▸ Record excerpts:
-*-
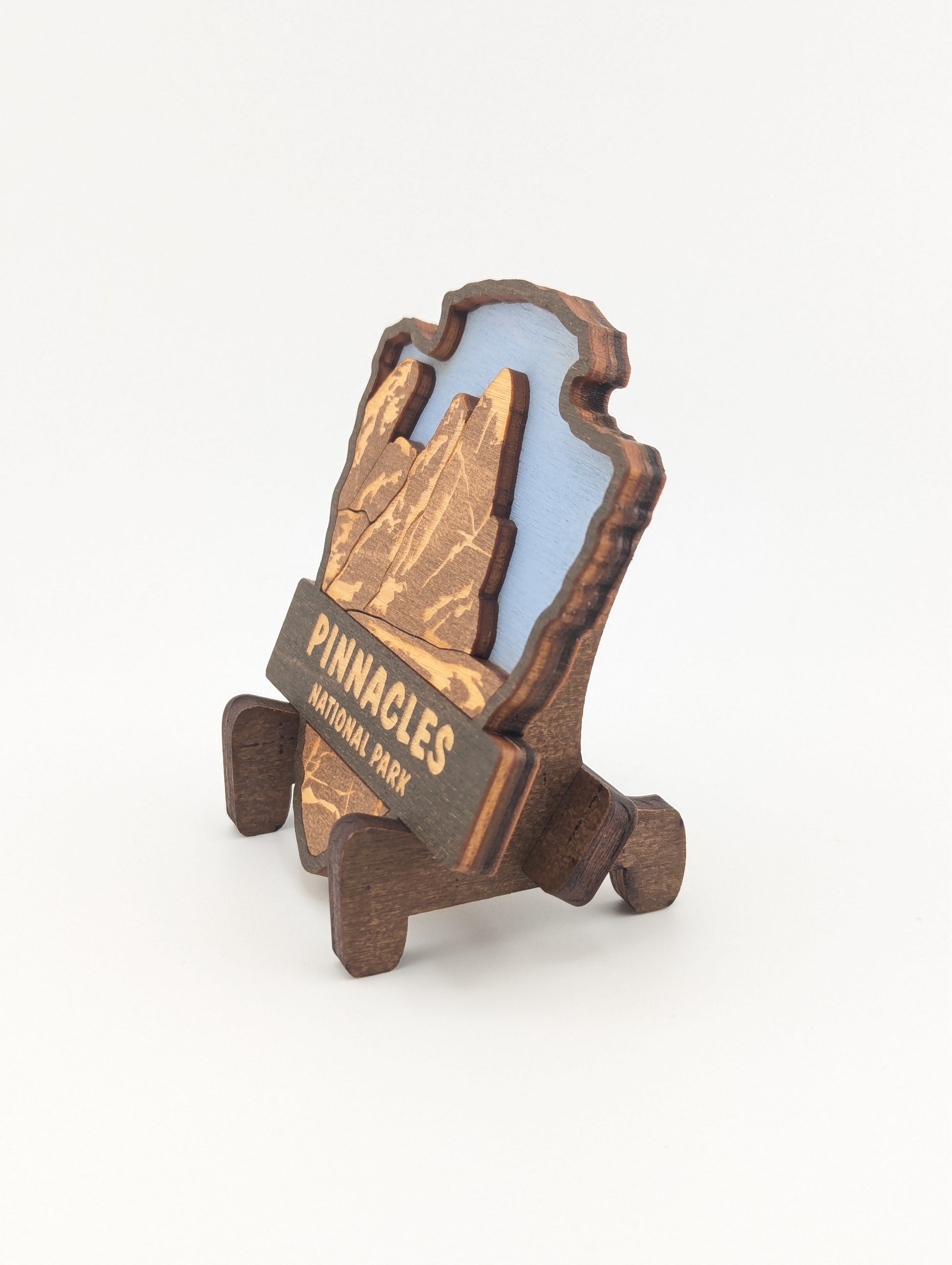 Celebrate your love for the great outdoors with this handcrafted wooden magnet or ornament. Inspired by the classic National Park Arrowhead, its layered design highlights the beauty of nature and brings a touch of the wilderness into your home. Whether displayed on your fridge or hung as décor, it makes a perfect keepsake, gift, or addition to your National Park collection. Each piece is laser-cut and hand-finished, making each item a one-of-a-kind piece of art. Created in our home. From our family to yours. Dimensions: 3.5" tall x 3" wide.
-*-
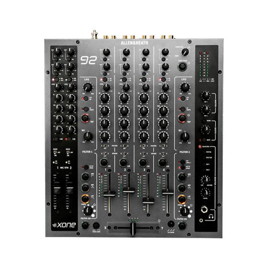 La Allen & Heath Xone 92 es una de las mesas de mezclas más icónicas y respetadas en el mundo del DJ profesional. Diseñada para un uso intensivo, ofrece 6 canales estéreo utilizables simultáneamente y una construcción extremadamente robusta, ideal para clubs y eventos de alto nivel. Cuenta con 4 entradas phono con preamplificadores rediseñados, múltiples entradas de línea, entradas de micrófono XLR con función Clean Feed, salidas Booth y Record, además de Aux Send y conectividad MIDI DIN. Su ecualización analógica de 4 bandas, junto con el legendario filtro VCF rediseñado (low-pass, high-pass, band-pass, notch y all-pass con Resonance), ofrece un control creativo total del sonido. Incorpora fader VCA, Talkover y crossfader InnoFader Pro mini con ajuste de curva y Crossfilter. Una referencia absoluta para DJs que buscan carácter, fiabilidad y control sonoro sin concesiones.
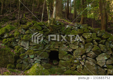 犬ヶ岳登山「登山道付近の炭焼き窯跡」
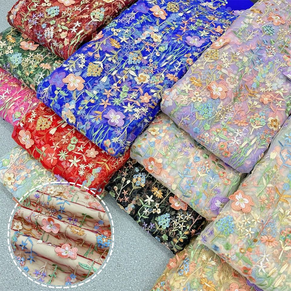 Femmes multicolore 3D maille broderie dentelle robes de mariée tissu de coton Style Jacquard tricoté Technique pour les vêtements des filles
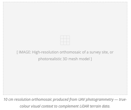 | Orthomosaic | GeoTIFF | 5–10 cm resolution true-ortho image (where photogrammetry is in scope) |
-*-
▸ What is needed: Repeat exactly the stretch of the listing above that starts with the line holding "犬ヶ岳登山「登山道付近の炭焼き窯跡」" and finishes with the line holding "Femmes multicolore 3D", both included. Skip every picture.

▸ Output of the task:
 犬ヶ岳登山「登山道付近の炭焼き窯跡」
 Femmes multicolore 3D maille broderie dentelle robes de mariée tissu de coton Style Jacquard tricoté Technique pour les vêtements des filles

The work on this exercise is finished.